Esto, a su vez, me recuerda a otra entrada de mi sis literaria. Ella ya dio su opinión sobre qué tipo de finales son mejores, así que era cuestión de tiempo que yo también acabase hablando de este tema. ¿Qué es mejor: un final feliz o uno amargo? Ya respondí a esta pregunta, pero me hace ilusión explayarme un poco más.

Lo confieso: si tengo que elegir, prefiero los finales felices. Crecí con las películas de Disney y, en el fondo, conservo mucho de mi espíritu infantil y juvenil, así que me gusta que triunfe el bien. Que la poli pille al criminal. Que el superhéroe salve su ciudad. Que el grupo rebelde pegue una soberana patada en el trasero al tirano. Que la parejita adorable acabe junta. Que el héroe mate al monstruo. Que la familia desperdigada se reencuentre.

¿Y por qué? Porque la vida es una mierda. Puede que así dicho suene muy dramático, pero todes lo hemos pensado o dicho alguna vez. Sí, tú también. No mientas. Tal vez fuera en plena adolescencia, cuando hasta lo más mínimo nos parece un drama insuperable, o tal vez fuera hace cuatro días en un momento de intensa frustración o dolor. Como decía Sansa Stark —no recuerdo ahora si la versión televisiva, la del libro o ambas—, en la realidad ya ganan demasiadas veces los monstruos. Los héroes y superhéroes no son infalibles y se cuentan con los dedos de una mano. Para colmo, no existen las hadas madrinas ni las pociones mágicas para resolver nuestros problemas cuando la situación parece desesperada.

Precisamente por eso son tan importantes para mí los desenlaces optimistas.
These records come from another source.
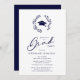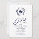 Chic Modern Calligraphy Grad Cap och Laurel Wanderel Blue Studentfest Investigation ...Vår enkla inbjudan till marin studentfest innehåller en hatt och tassel inuti en lagerkrans följt av en modern kalligrafi av ord Grad följt av "party" och inbjudningstexten i klassiskt marvattentat och sans serif-typografi. All text kan enkelt revideras i anpassningsmallen.
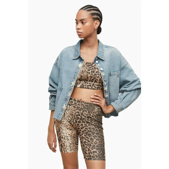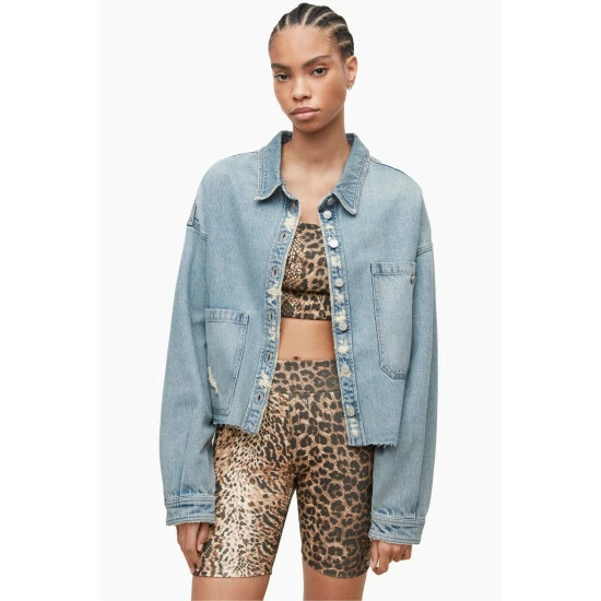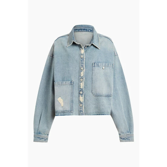 Button closure. Oversize fit. Short length. Round neck. Long sleeve. Destroys on the centre front button stand. Regular collar. Two patch pockets on the front. Left pocket has a branded popper and right pocket has a destroy. Two pockets. Unlined.
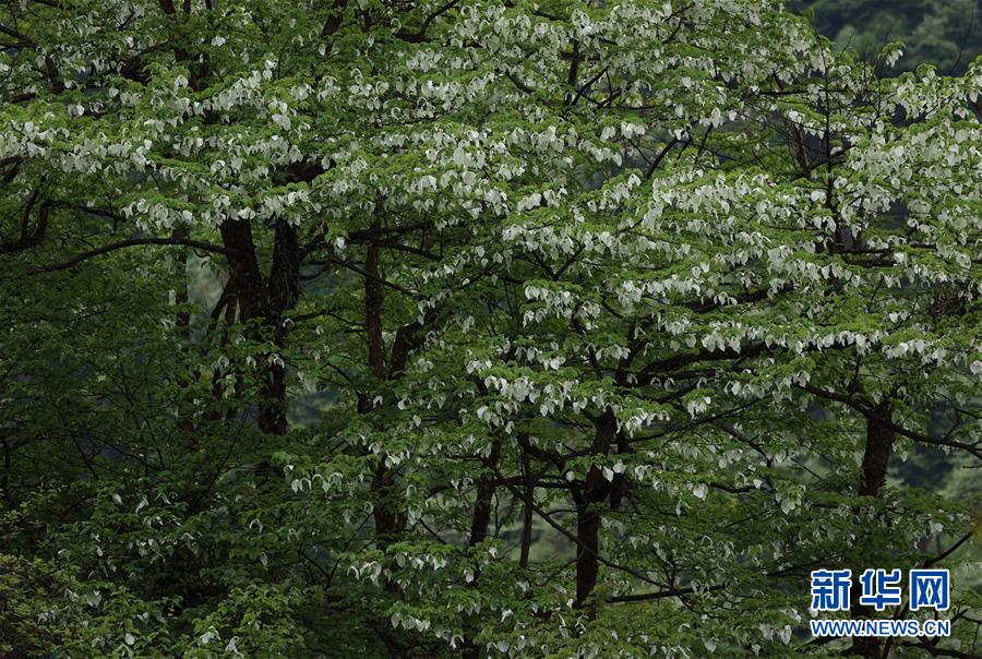 位于四川省滎經(jīng)縣的龍蒼溝國家森林公園里,鴿子花盛開(5月4日攝)。目前,位于四川省大相嶺山脈東麓北坡的龍蒼溝國家森林公園里,約8萬畝鴿子花盛開,猶如鴿群展翅欲飛。鴿子花即珙桐花,珙桐是珍稀植物,有著植物“大熊貓”“活化石”之稱,是國家一級(jí)保護(hù)植物,也是著名的觀賞植物。2008年,華中農(nóng)業(yè)大學(xué)、湖北民族學(xué)院和四川省縈經(jīng)縣林業(yè)部門聯(lián)合對龍蒼溝森林公園的珙桐進(jìn)行了種群生態(tài)學(xué)調(diào)查,發(fā)現(xiàn)珙桐在這里共分布約8萬畝,集中成片分布近4萬畝。珙桐面積之大、株數(shù)之多、密度之高,十分罕見。新華社記者 江宏景 攝
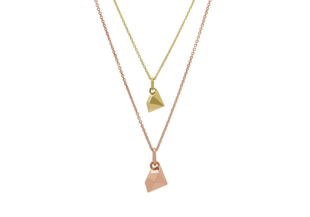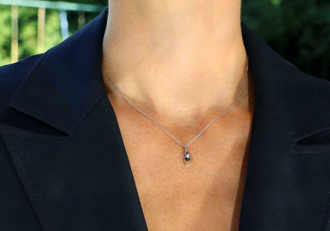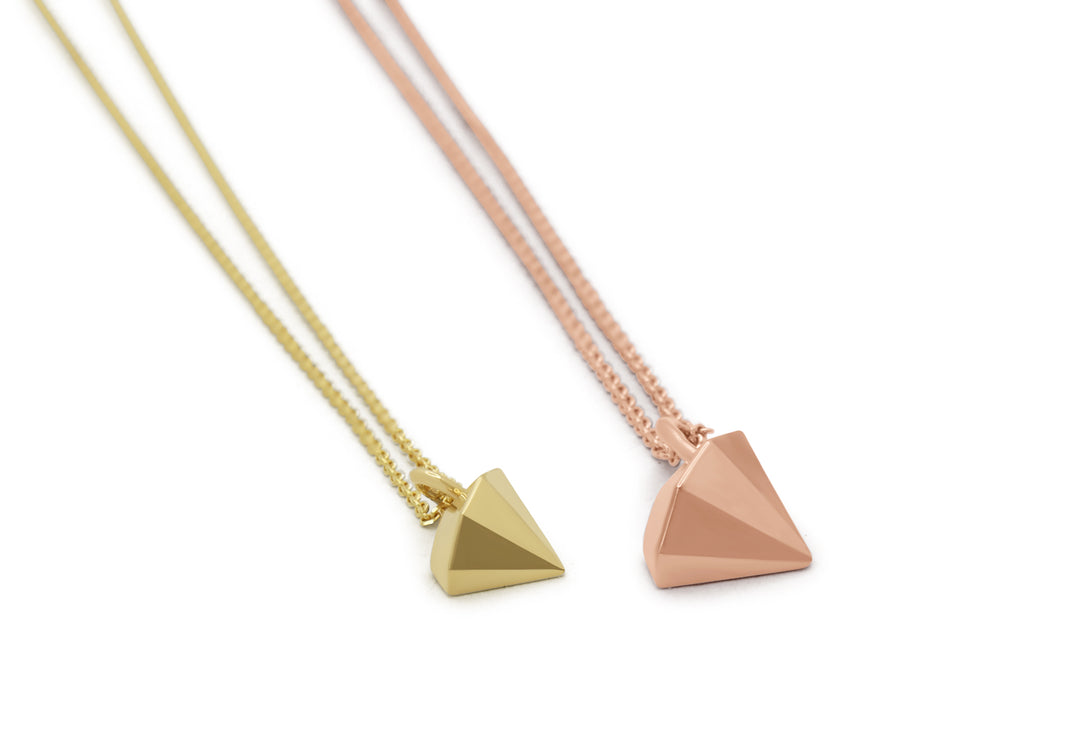 • Gold funeral pendant in the shape of a hollow faceted diamond to hold ashes.
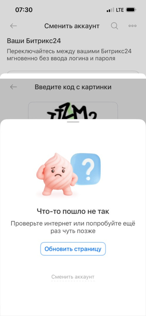 Ошибка. При входе в мобильное приложение Битрикс24 постоянно появляется окно «Введите код с картинки».

Estoy muy de acuerdo con esa cita que decía algo así como que el propósito de los cuentos no es tanto advertir a les niñes de que existen los dragones, sino recordarles que se les puede vencer. Que elles pueden vencer. Decid lo que queráis, pero a mí una historia en la que todo es sufrimiento y no hay una luz al final del túnel me quita las ganas de seguir respirando. A mí y a cualquiera. ¿Qué sentido tiene luchar, esforzarse o siquiera intentar algo si sabes que no va a servir para nada, que después de la miseria solo hay más miseria? Puede que esa no sea la intención de quien haya inventado la historia, pero es la enseñanza que sacamos inconscientemente de ella.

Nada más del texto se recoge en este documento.